Monitoring Without SNMP

• Store-n-Forward: Capture on the device itself.

• Port Mirroring: Capture traffic on a mirror port using an extra device.

• Link Snooping/Sniffing: Capture from the cable directly.

• Insertion: Insert a router/LAN-switch and software (L2/L3 visibility).

• Sensors: Insert electrical/optical sensors.

SNMP Deployment Considerations

• SNMP in Wide Area Networks (WANs) is discouraged.

  • Security risks: SNMPv1/v2 agents should not be publicly accessible due to the risk of scanning.

• Administration: Requires asking for favors to other party for device/software installation.

Through the Looking Glass

• Description: Public interface provided by carriers/ISPs for remote access to their routers.

• Functionality: BGP queries, ping, traceroute.

• Examples:

  • Lumen

  • Telstra

Looking Glass Utilities

• Functionality:

  • BGP Route Lookup: View routing table entries for a specified prefix.

  • PING: View round trip time between a selected site and a specified IP address or hostname.

  • TRACEROUTE: View all enabled router hops between a selected site and a specified IP address or hostname.

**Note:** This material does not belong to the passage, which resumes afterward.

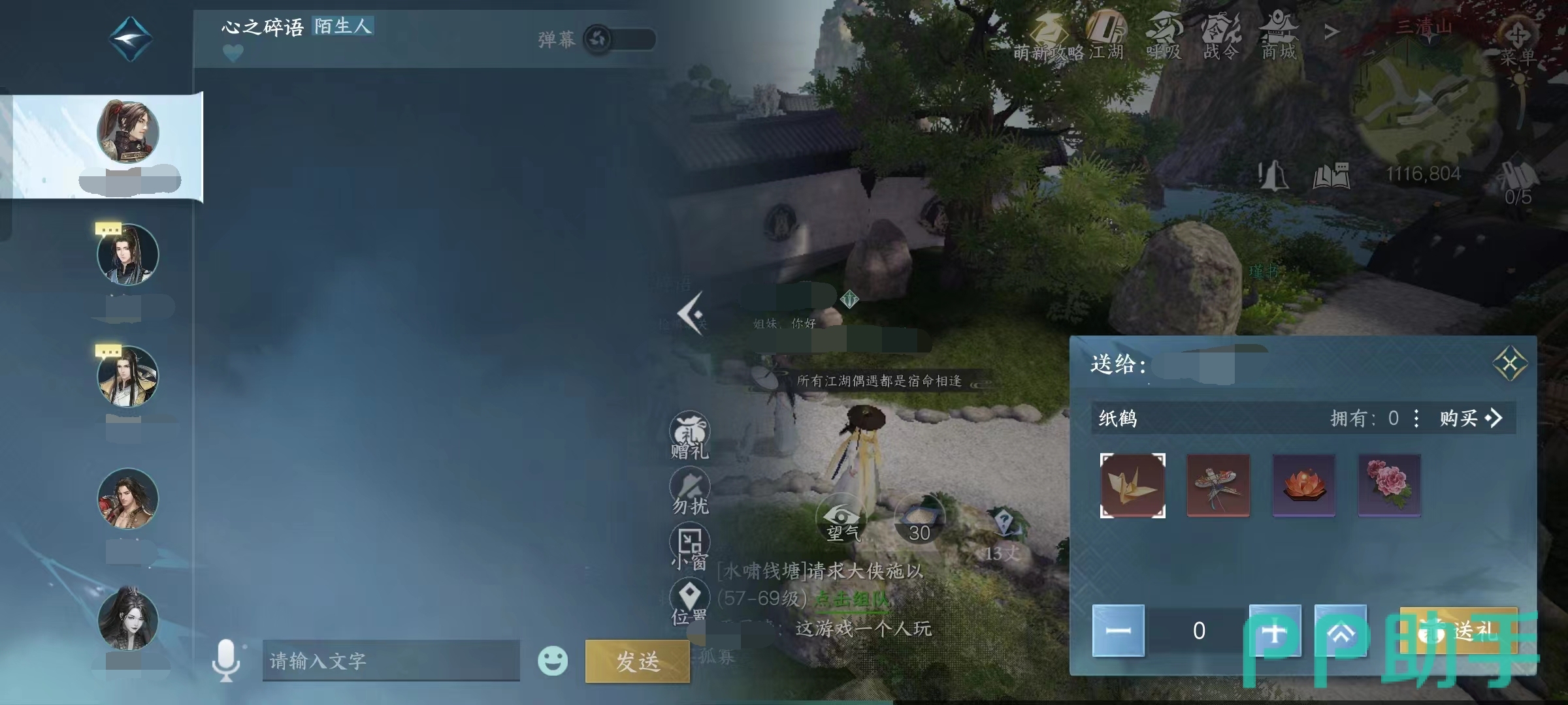 找到送礼物的朋友,点击好友图框所在的位置,将进入与好友聊天的界面,在界面的右下角找到赠送礼物的按钮,这时玩家就能赠送礼物了。
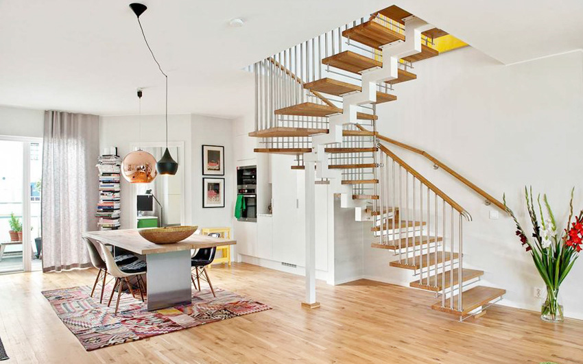 Cầu thang gỗ được thiết kế khá ấn tượng với những thanh gỗ kết nối với lan can inox chắc chắn. Cầu thang là nút giao thông chính để kết nối hai căn hộ ở hai tầng khác nhau tạo thành tổ ấm rộng rãi và xinh xắn.

Probing Beyond Your Network

• Strategy: Use dedicated probe points in peer communities.

• Measurements: Status, performance (bandwidth, latency, jitter), functionality (IPv6, multicast, etc.).

Network Beacons

• Function: Probes create live measurement tables.

• Implementation: Can be software or hardware.

• perfSONAR: An architecture for performance Service-Oriented Network monitoring (https://www.perfsonar.net).

Summary

• SNMP: Powerful for network management but not always available or suitable for WANs.

• Measuring: Essential for understanding link characteristics.

• Monitoring: Tracks performance over time and space.

• Snooping: Captures actual traffic (for legitimate performance analysis purposes only!).